6LLvveMx2koXfwn 4/15/2025|||
man, I couldn't think of anything worse - except maybe dynamic types
selectnull 4/15/2025||
Astronomers will find out that naming is hard once they need to name 119741st supernova.
pelagicAustral 4/15/2025|
I think it will be far before that, once they start hitting supernovae name jackpots like SN2026 cu*t et al.
selectnull 4/15/2025|||
I know :) This one was just the first to came to mind.
darthrupert 4/12/2025||
The whole things seems like such a massive living system that I cannot help guessing that what we think of as universe is just a somewhat large single creature.
Cyphase 4/15/2025||
This reminds me of this quote from Jill Tarter of SETI, specifically the last sentence:

“Might it be the discovery of a distant civilization and our common cosmic origins that finally drives home the message of the bond among all humans? Whether we’re born in San Francisco or Sudan or close to the heart of the Milky Way Galaxy, we are the products of a billion-year lineage of wandering stardust. We, all of us, are what happens when a primordial mixture of hydrogen and helium evolves for so long that it begins to ask where it came from.”

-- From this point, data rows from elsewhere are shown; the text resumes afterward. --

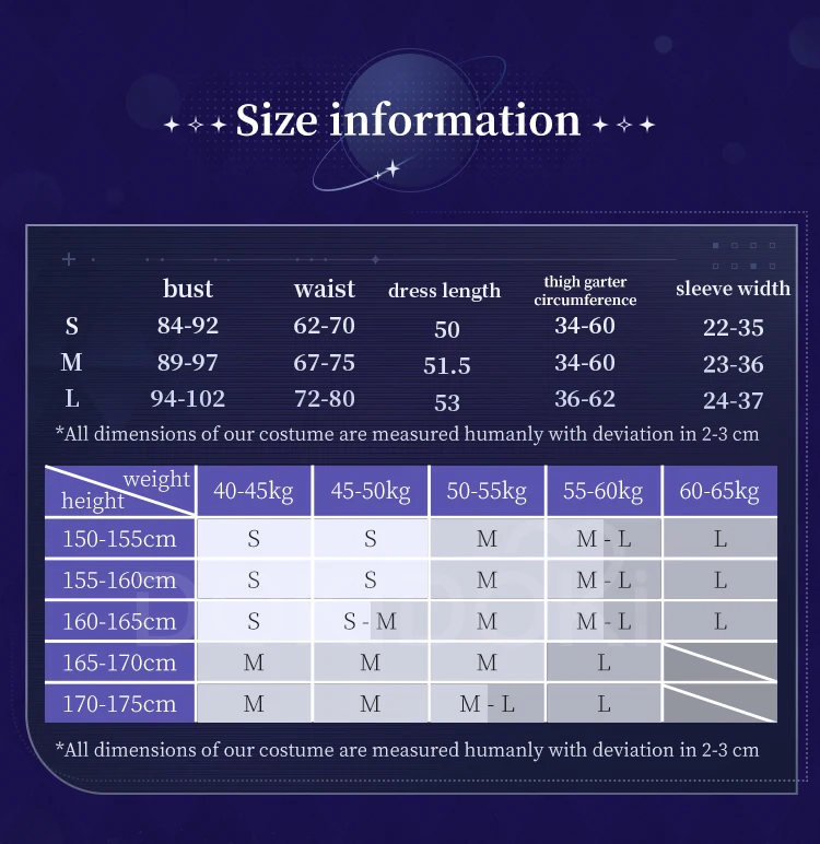 Asian size-Please read the size chart carefully. (◕ˇ∀ˇ◕)Welcome contact us for help about size choosing with your height ,weight ,waist ,bust,hip measurement.
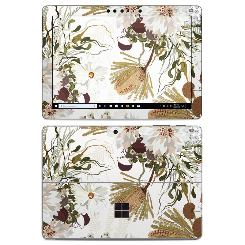 iStyles Microsoft Surface Go Skin design of Flower, Botany, Plant, Floral design, Wildflower, Pattern, Wallpaper, Textile, Petal, Butterfly, with white, brown, green, gray colors, and tagged with nature, patterns, flowers, brown, cream, filigree, floral, flower, flowers, green, leaf, leaves, nature, neutral, outdoor.
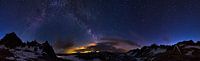Prachtige panoramische foto van de sterren en de melkweg in de Zwitserse Alpen op de top van de Furkapas
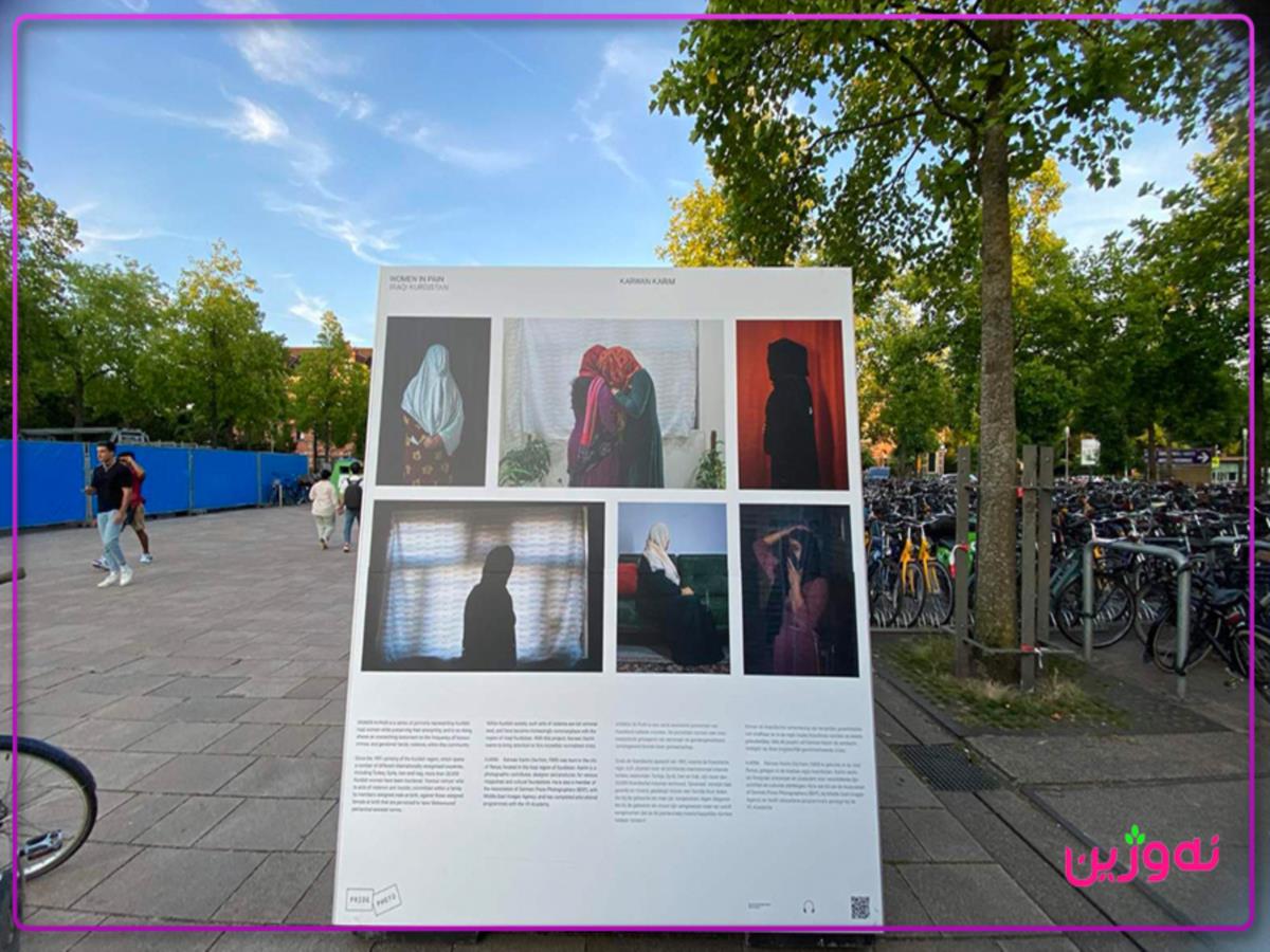 بیرۆکە و فۆتۆستۆریەکە هی فۆتۆگرافەری کورد: کاروان کەریم بو، فۆتۆکان لەپاڵ وێنە و فۆتۆستۆری وڵاتانی دیکەی جیهان کە تێیاندا توندوتیژی رەگەزیی و دژی ژنان تێیاندا بەرزە، نمایشکرابو.
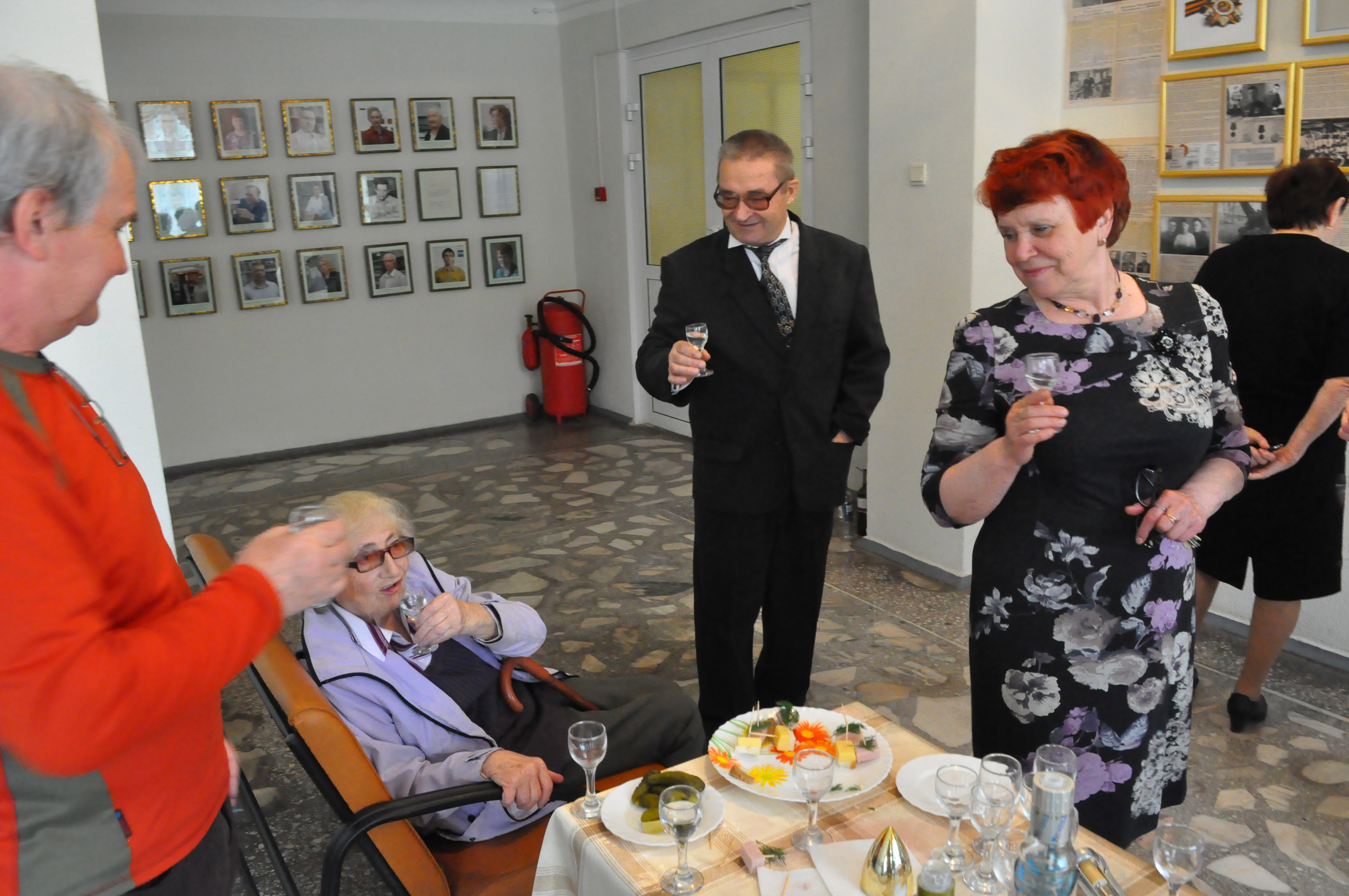 8 мая 2015 года. На открытии стенда «Живем и помним…» в холле Института физики им. Л.В. Киренского Сибирского отделения Российской академии наук (ИФ СО РАН), посвященного родителям и родственникам сотрудников института - воинам Великой Отечественной войны 1941-1945 гг. Слева направо: Заблуда В.Н., Саблина К.А. , Воронов В.Н., Кармацкая Е.Д. Тост за Победу. Красноярск.
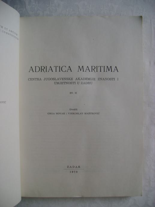 Grga Novak / Vjekoslav Maštrović - Adriatica Maritima Centra JAZU u Zadru, br. 2, 17 x 24 cm, meki uvez, 271 stranica, ilustrirano.
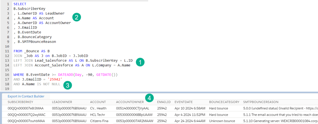 (1) We are joining the Lead and Account synchronized data extensions to pull in Lead and Account fields. Like the above query we are finding those data points that exist in both data sets that will allow us to JOIN them to the data Job/Bounce data sets. We are using LEFT JOINs in case the bounce records aren’t leads or don’t have an associated account. For more on how to set up synchronized data extensions please click here: https://handsonsfmc.com/how-to-create-a-synchronized-data-extension-in-marketing-cloud/
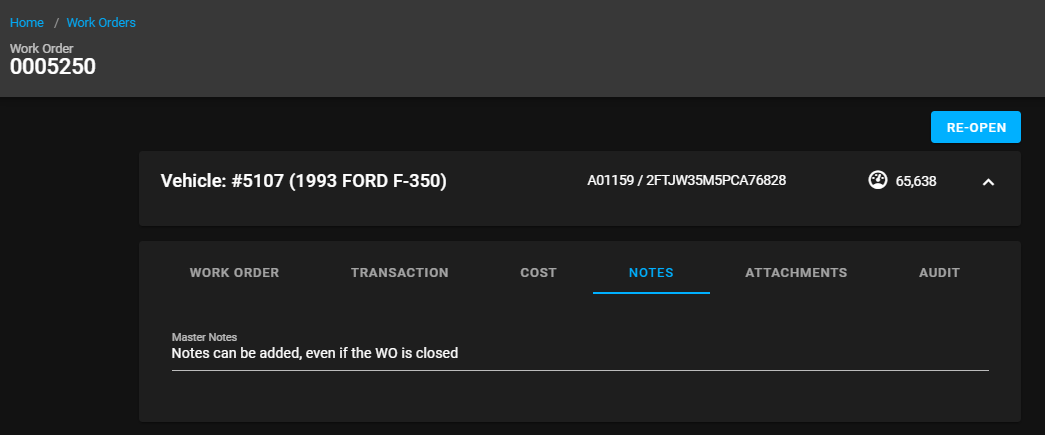 If the user logged in has permissions to do so (User Group Rights, Work Order Management > Edit closed WO lines), they will be allowed to add notes and attachments without needing to re-open the Work Order or the Line.

source: https://www.ted.com/talks/jill_tarter_join_the_seti_search (@ 3:02)

yieldcrv 4/15/2025|||
I think this is not too difficult for humans to comprehend, it just doesn't address the resource appropriation and geographic property claims on this planet. Aside from generational interest, conflict areas tend to have something obviously appealing about them, so there's nothing that a bigger picture nihilism helps with.
jajko 4/15/2025|||
Too idealistic view on human nature. We discovered vastly different cultures in the past, no hint of humility (rather exact opposite) or bonding, unless we find a common enemy.
Wobbles42 4/15/2025||
Taken cynically though, is this quote not simply describing the ultimate common enemy?
ndsipa_pomu 4/15/2025|||
It's an appealing idea, but surely there'd be insurmountable problems with the distance/time involved for any part to communicate to another part? It'd be like trying to run a computer with a clock that takes millions (billions?) of years to make a single tick. I just don't see that it's at all feasible and that's without even trying to guess as to how different parts can change behaviour depending on its environment (one commonly used requirement of "life").
dkersten 4/15/2025|||
What’s wrong with it taking a billion of our years to tick? Just because we, smaller than microscopic beings compared to the size of the larger structures we observe, find it to be a vastly long time, doesn’t mean that it’s a long time for something the size of the observable universe.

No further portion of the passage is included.